What needs to be done:
Down to the final line, write out the material beneath exactly, without pictures.

Supplied information:
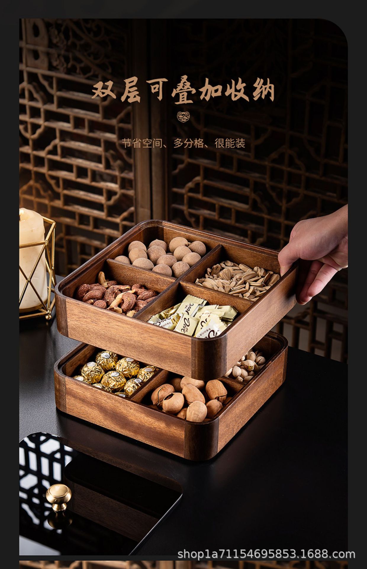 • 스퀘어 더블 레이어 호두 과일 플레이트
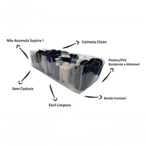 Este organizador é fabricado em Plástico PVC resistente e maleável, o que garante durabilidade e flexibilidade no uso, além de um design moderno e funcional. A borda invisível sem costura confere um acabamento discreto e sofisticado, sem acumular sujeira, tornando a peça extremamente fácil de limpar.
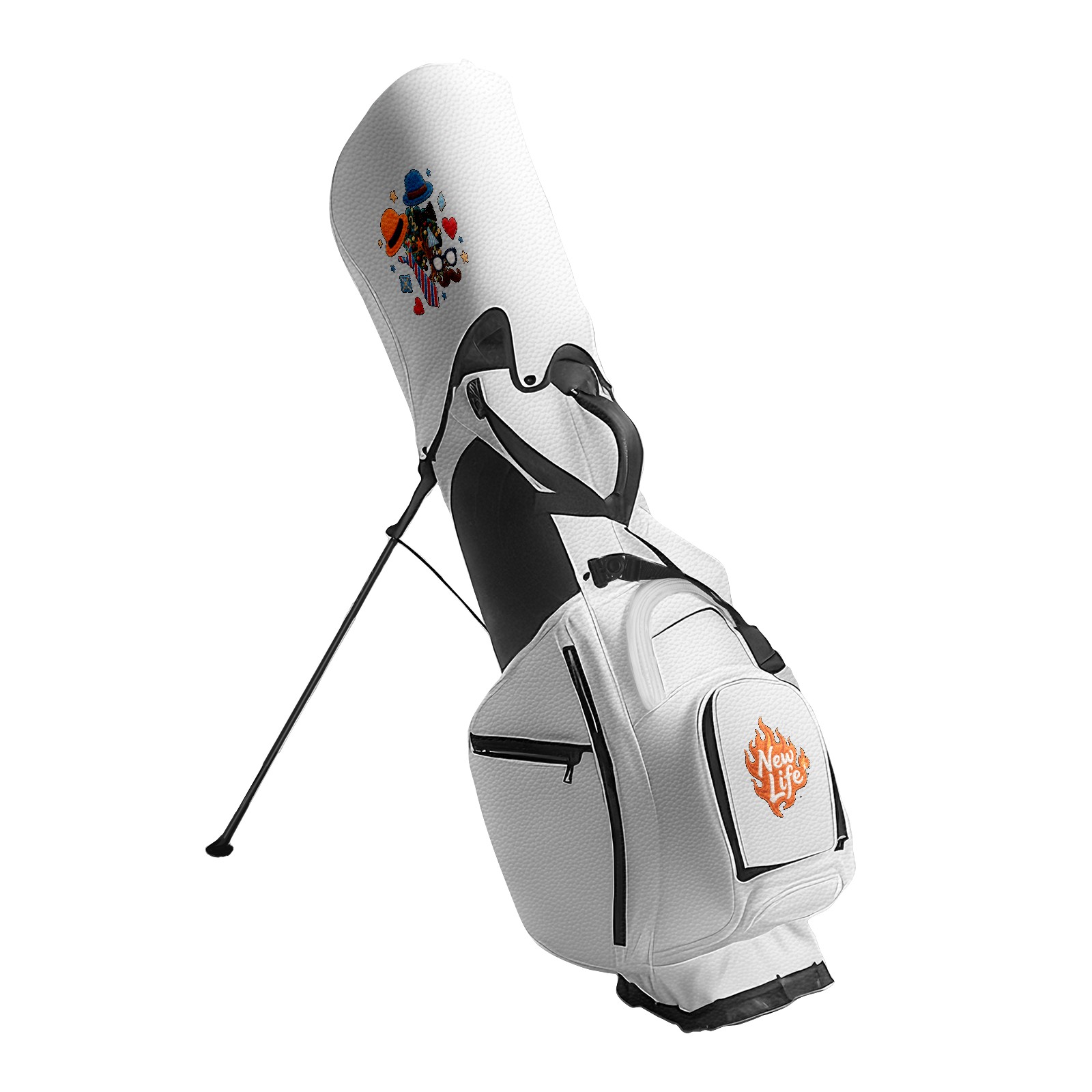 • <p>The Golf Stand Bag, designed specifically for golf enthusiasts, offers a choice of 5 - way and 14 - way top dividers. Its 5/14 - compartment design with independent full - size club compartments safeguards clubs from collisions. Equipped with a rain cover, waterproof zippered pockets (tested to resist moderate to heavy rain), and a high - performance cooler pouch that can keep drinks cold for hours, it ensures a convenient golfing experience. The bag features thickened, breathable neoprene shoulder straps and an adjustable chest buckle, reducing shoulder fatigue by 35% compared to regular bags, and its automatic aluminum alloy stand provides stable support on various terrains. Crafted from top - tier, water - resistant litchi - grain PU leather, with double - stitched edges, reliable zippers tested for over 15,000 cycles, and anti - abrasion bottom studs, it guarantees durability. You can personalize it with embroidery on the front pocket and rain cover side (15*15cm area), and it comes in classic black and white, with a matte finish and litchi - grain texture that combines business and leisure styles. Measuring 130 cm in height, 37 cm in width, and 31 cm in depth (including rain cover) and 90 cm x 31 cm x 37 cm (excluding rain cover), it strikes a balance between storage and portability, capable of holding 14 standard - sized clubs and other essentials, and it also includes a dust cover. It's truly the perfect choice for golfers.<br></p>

Exercise solution:
 • 스퀘어 더블 레이어 호두 과일 플레이트
 Este organizador é fabricado em Plástico PVC resistente e maleável, o que garante durabilidade e flexibilidade no uso, além de um design moderno e funcional. A borda invisível sem costura confere um acabamento discreto e sofisticado, sem acumular sujeira, tornando a peça extremamente fácil de limpar.
 • <p>The Golf Stand Bag, designed specifically for golf enthusiasts, offers a choice of 5 - way and 14 - way top dividers. Its 5/14 - compartment design with independent full - size club compartments safeguards clubs from collisions. Equipped with a rain cover, waterproof zippered pockets (tested to resist moderate to heavy rain), and a high - performance cooler pouch that can keep drinks cold for hours, it ensures a convenient golfing experience. The bag features thickened, breathable neoprene shoulder straps and an adjustable chest buckle, reducing shoulder fatigue by 35% compared to regular bags, and its automatic aluminum alloy stand provides stable support on various terrains. Crafted from top - tier, water - resistant litchi - grain PU leather, with double - stitched edges, reliable zippers tested for over 15,000 cycles, and anti - abrasion bottom studs, it guarantees durability. You can personalize it with embroidery on the front pocket and rain cover side (15*15cm area), and it comes in classic black and white, with a matte finish and litchi - grain texture that combines business and leisure styles. Measuring 130 cm in height, 37 cm in width, and 31 cm in depth (including rain cover) and 90 cm x 31 cm x 37 cm (excluding rain cover), it strikes a balance between storage and portability, capable of holding 14 standard - sized clubs and other essentials, and it also includes a dust cover. It's truly the perfect choice for golfers.<br></p>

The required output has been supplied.